Kille (pronounced //ɕɪlːɛ// or //kɪlːɛ// (Note: The pronunciations with "k" is more common in southern Sweden.)), also called Harlequin, Cambio, Campio, Kambio or Kamfio, is a game played with special playing cards, dating from a medieval French gambling game. In Sweden, the game had its heyday during the 1750s, but it is one of the oldest card games still played.

== History ==
The French gambling game of Coucou was invented in France around 1500 and spread across Central Europe. In the late 17th century, an Italian manufacturer produced a deck of cards adapted for the game. The game was named Cuccú after its highest card. Cuccú had 38 cards and two cards of each denomination (thus 19 unique denominations). Eleven of the cards in each suite were numeral cards, numbered 0-10. The other cards were picture cards, two of which – the Bucket and the Masque – ranked lower than the numerals. Five of the cards were ranked higher: the Inn, Cat, Horse, Guard, and Cuckoo (highest). The nineteenth card, the Fool, the precursor of Kille's Harlequin, was outside the rankings and its value was determined by the game played and could vary during the same game.

Cuccú spread north across Europe and became known in southern Germany, Austria and Switzerland under the names of Hexenspiel and Vogelkarten, which literally mean "Witch game" and "Bird cards".

The card game changed somewhat on its journey through Europe and was mentioned in Sweden as Campio for the first time in 1741 in a court record. Campio was a distortion of cambio or camfio, which was the name that began to be used in Sweden. The name Kille is first documented in 1833 (found in private correspondence from 1826) and was widely used from the 1850s. Kille is probably a corruption of Harlequin which was now the highest ranked card, but still had a special position in some games.

The card game's numeral and picture cards changed so that the pack consisted of 42 cards (again in pairs, so there were only 21 denominations). The number of numerals had increased to twelve and were numbered 1-12. There were three cards with lower values than the number cards; the Noll (Zero) numeral card became the Wreath, the Bucket became the Flowerpot and the Mask became the Fool, often depicted with a mask. The cards with higher values than the numerals were, in ascending order: the Inn, Cavalier, Pig, Hussar, Cuckoo and Harlequin.

== Culture ==
The game of Kille has left its mark on the Swedish language.
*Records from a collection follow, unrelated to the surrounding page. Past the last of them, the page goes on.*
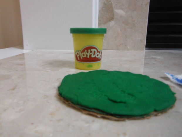 Coloque la plastilina en la parte superior del círculo de cartón y alisar uniformemente sobre la pieza de cartón. Libra la plastilina con las manos para quitar cualquier baches y grietas en la arcilla. El color de la plastilina será en la base y el fondo de la flor pistacho.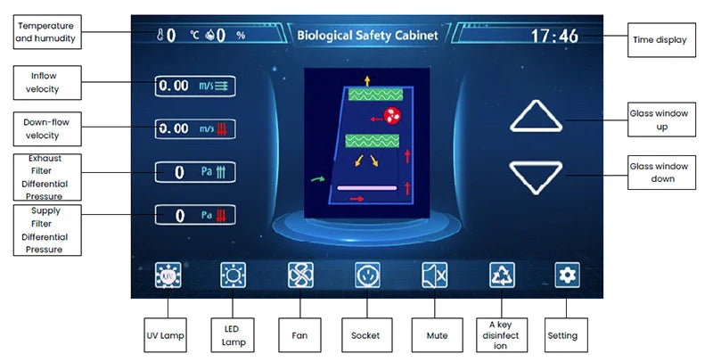 Intelligent control system: Operators can check detailed status of the cabinet, such as inflow and downflow velocity, work area temperature and humidity, filter pressure, UV working time and filter working time, filter life indicator etc.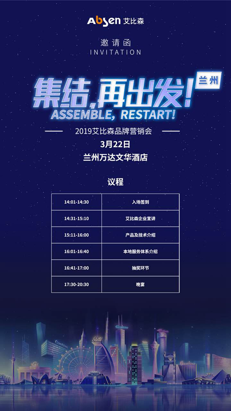 3月22日,艾比森誠邀您參加2019艾比森品牌營銷會·蘭州站,地點:蘭州萬達(dá)文華酒店。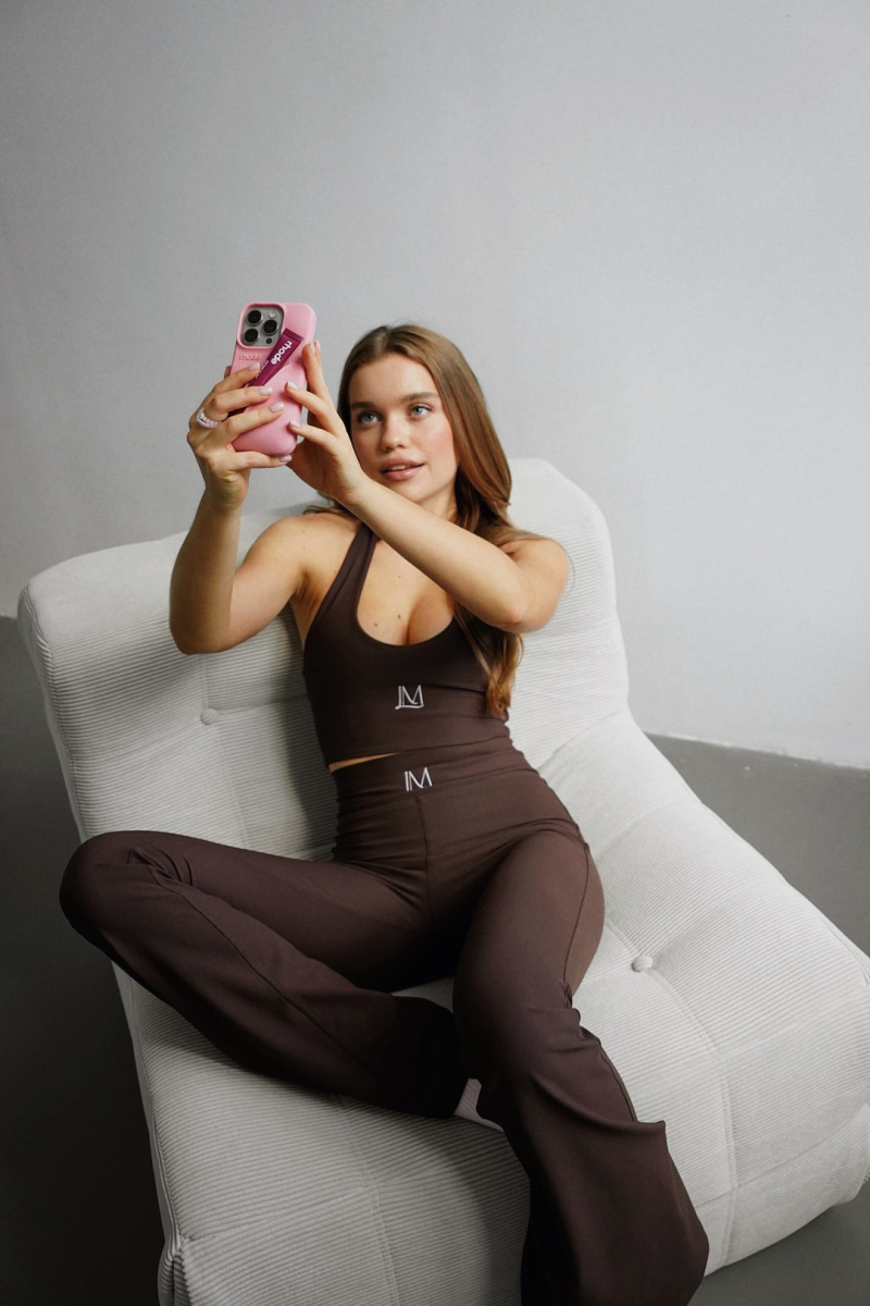 Комфортная посадка и мягкий материал обеспечивают свободу движений, а минималистичные детали добавляют уникальности. Представлен в комплекте с леггинсами клёш и рашгардом для создания цельного повседневного и спортивного образа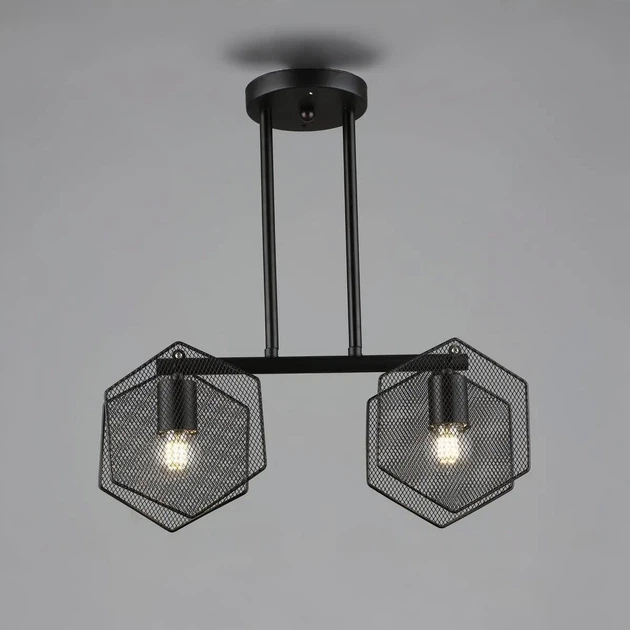 Стельова люстра в стилі лофт Sirius з металевою планкою під дві лампи Е27 чорна IP20 B S2473/2 BK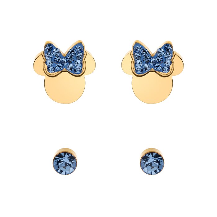 Specification: Set Cercei Disney Minnie Mouse – Otel Medical Inoxidabil Auriu si Cristale Albastre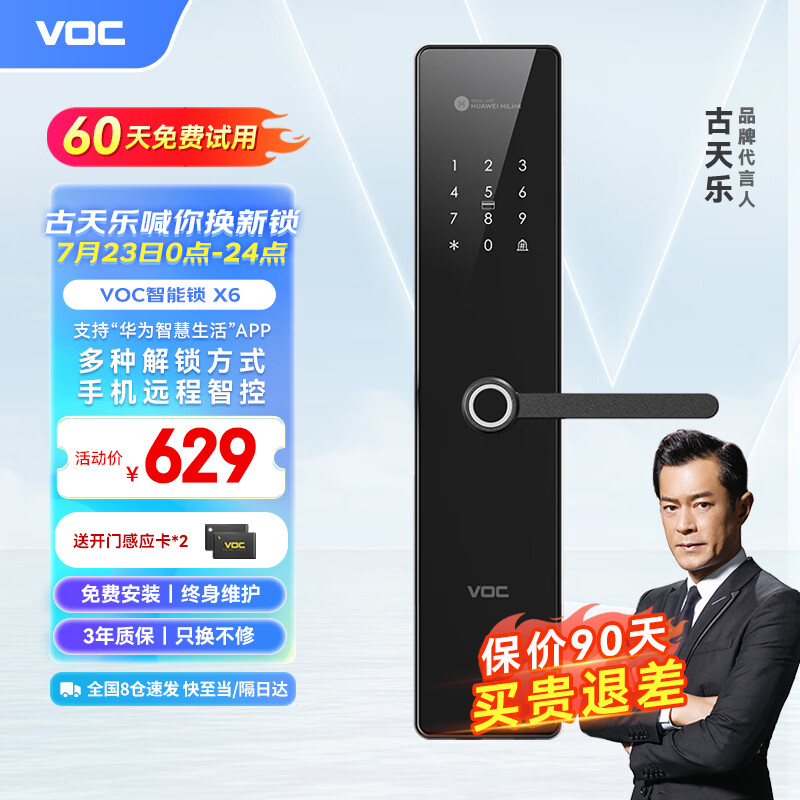 VOC 指纹锁智能门锁防猫眼密码锁电子锁C级锁芯家用防盗门锁入户门X6 支持“华为智慧生活”APP价格:899.00元!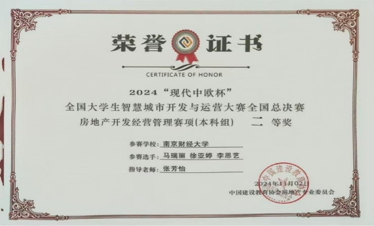 经过激烈的角逐,我院参赛队伍(成员:李思艺、马瑞丽、徐亚婷,指导老师:张芳怡)在智慧城市开发与运营房地产方向上表现出色,荣获二等奖。此次比赛不仅考验了学生们在房地产开发与运营领域的专业知识和实践能力,更展现了她们卓越的团队协作精神和创新能力。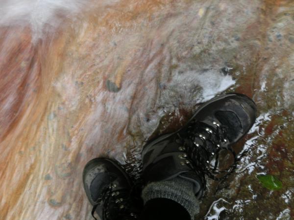 沢道具までは要りませんが、渓流沿いに歩いていくと、決まった道も無いので、途中で何度も沢を渡り、左右で行ったり来たりしてました。

For example, the phrases "Svinhugg går igen" ("the pig bites back"), referring to a rudeness that rebounds on the performer, and "gå värdshus förbi" ("go past the inn"), a lost opportunity, both come from the game of One-Card Kille.
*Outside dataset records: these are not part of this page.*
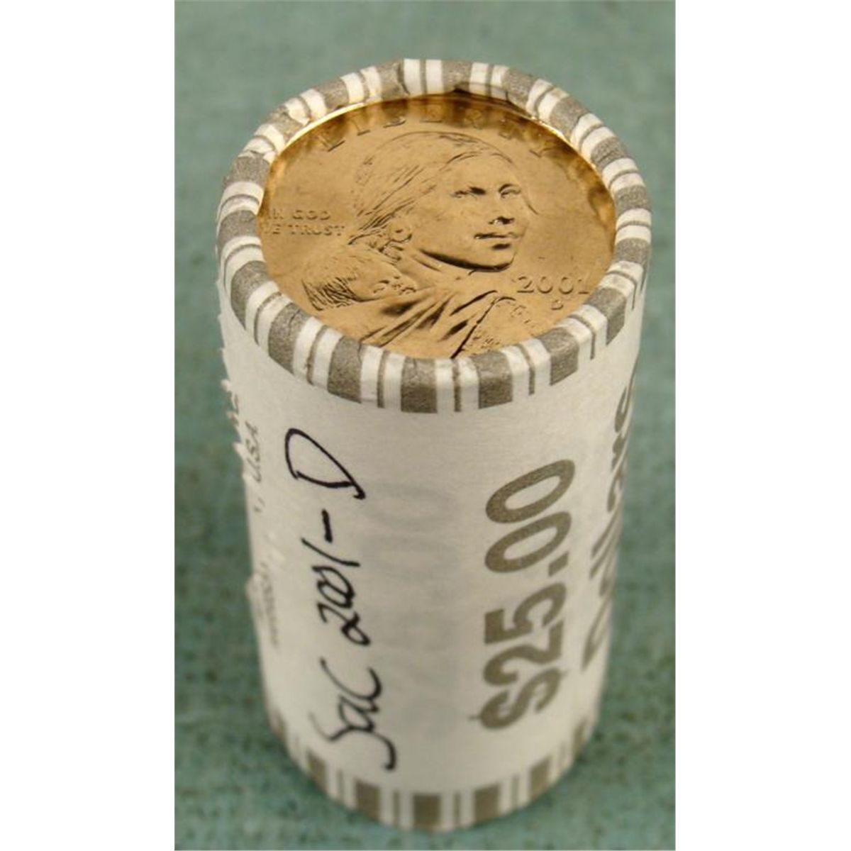 This is an original bank wrapped roll of 2001-D Sacagawea dollars, containing 25 coins.  * Condition: Mint, Gem uncirculatedNote: Roll you receive may look slightly different from the one shown *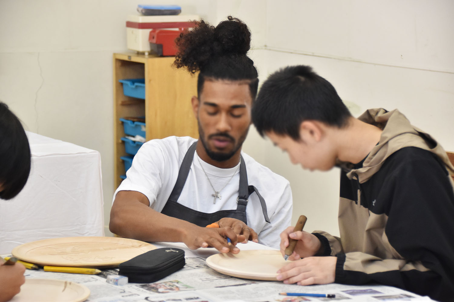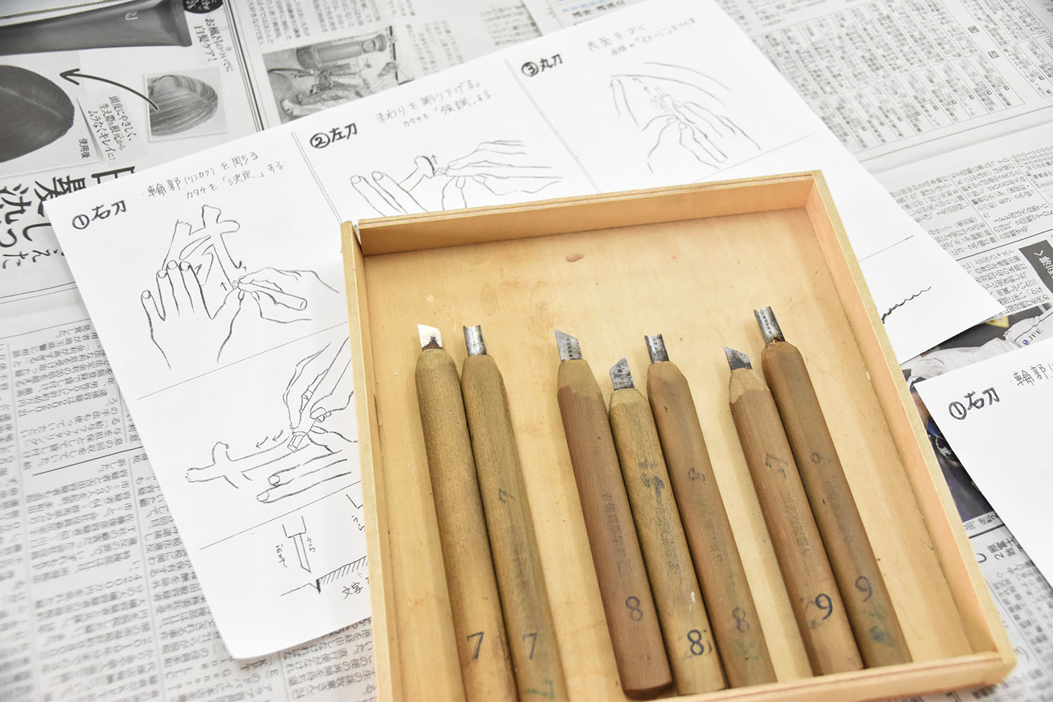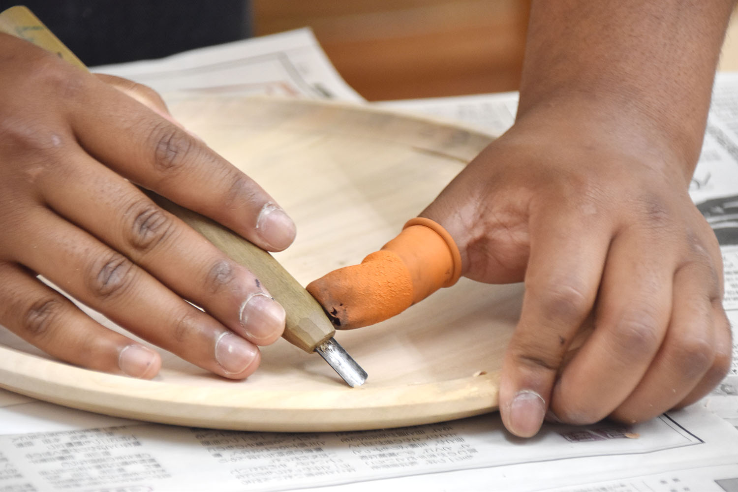 1年生の『専門基礎』の時間に、クラフトデザインコースの特別講義が行われました。1年生は基礎的な知識やスキルが身についていないため、恐る恐る彫刻刀を握っていましたが、ものづくりの楽しさや自分の作品が長く残ることへの喜びなどを講師の先生方から学んだと思います。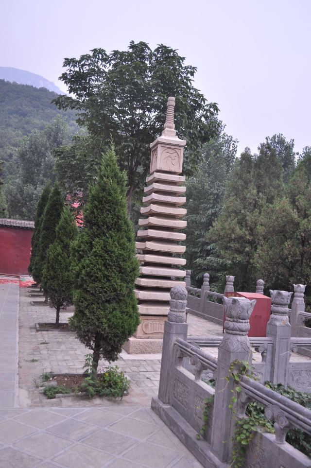 舍利塔前有僧人练武的梅花桩和器械。寺院前院有客房,门口有当地知识老人做免费讲解。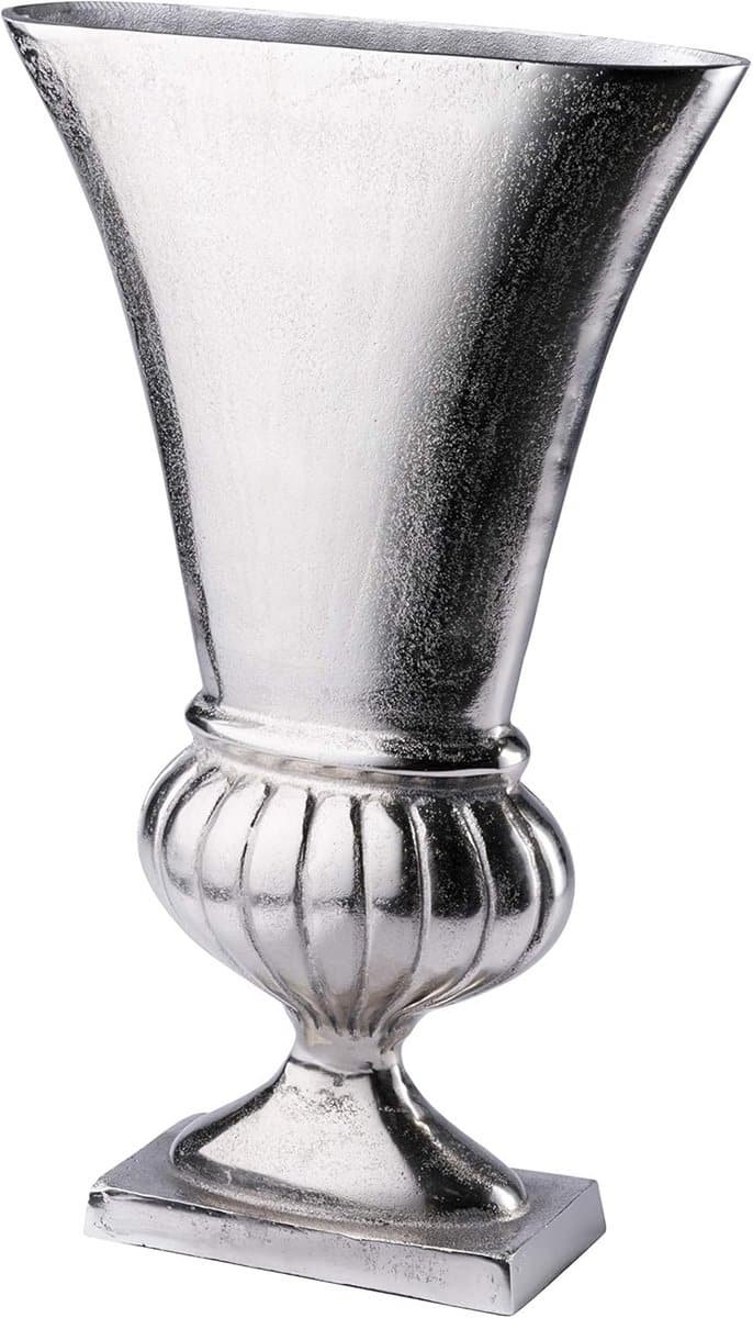 Voeg een vleugje luxe en elegantie toe aan je interieur met deze prachtige, handgemaakte aluminium vaas in zilverkleur. Deze decoratieve vaas heeft een unieke ‘RAW’-look door het ongepolijste oppervlak, wat zorgt voor een individueel textuurpatroon. Verkrijgbaar in verschillende hoogtes (39 cm, 50 cm of 58,5 cm), is deze metalen vaas perfect voor een smalle vensterbank of plank. Het tijdloze zilver integreert moeiteloos in elke woonstijl, van modern tot klassiek. Ideaal als opvallend accent, gevuld met kunstbloemen of decoratief op zichzelf. Dankzij het zware materiaal staat de vaas zeer stabiel. Deze hoogwaardige, met de hand gegoten vaas is een gegarandeerde blikvanger in je entree, woonkamer of kantoor. Let op: Bij gebruik van echte bloemen wordt aangeraden een inzetstuk te gebruiken.

Kille has also found its way into Swedish literature. Carl Michael Bellman's Fredman's Testament number 181, The Game of Cambio, is about a player's despair during a game:

Falstaff, fakir rhymed in an ABC for the letter P:

== Cards ==

The deck comprises 42 cards of a single suit, comprising two copies of 21 distinct cards. The denominations, ranking from highest to lowest are:

Card names and actions in Kille
| Card name | Swedish | Action on being challenged |
| Harlequin | Harlekin, Kille | Exchanged face up. Highest card if drawn or dealt. Lowest on exchange. |
| Cuckoo | Kuku, Kucku, Gök | Holder says "Cuckoo stands!", "No one swaps the Cuckoo!" or "The pigeon's taken off!". The round ends and all reveal their cards |
| Hussar | Husar, Husse | Holder says "Hussar strikes!", the exchanger is knocked out |
| Pig | Husu, Gris, Svin | Holder says "Pig bites back!", there is no swap, all earlier swaps are reversed and the player who originally held the card that now was attempting to be swapped is knocked out. |
| Cavalier | Kavall | Holder says "Pass the cavalier!" and exchanger challenges the next in line |
| Inn or Tavern | Värdshus | Holder says "Pass the tavern!" and exchanger challenges the next in line |
| 1 – 12 | 1 – 12 | Cards exchanged |
| Wreath | Kransen | Cards exchanged |
| Flowerpot | Blompotten, Blomkrukan, Pottan | Cards exchanged |
| Mask | Blaren, Blarre | Cards exchanged |

Kille packs are still available. Two Swedish manufacturers, Öberg (Carta Mundi) and Offason, make them today. The images are in a sepia colour. A coloured pack was produced in 1975 but is no longer available.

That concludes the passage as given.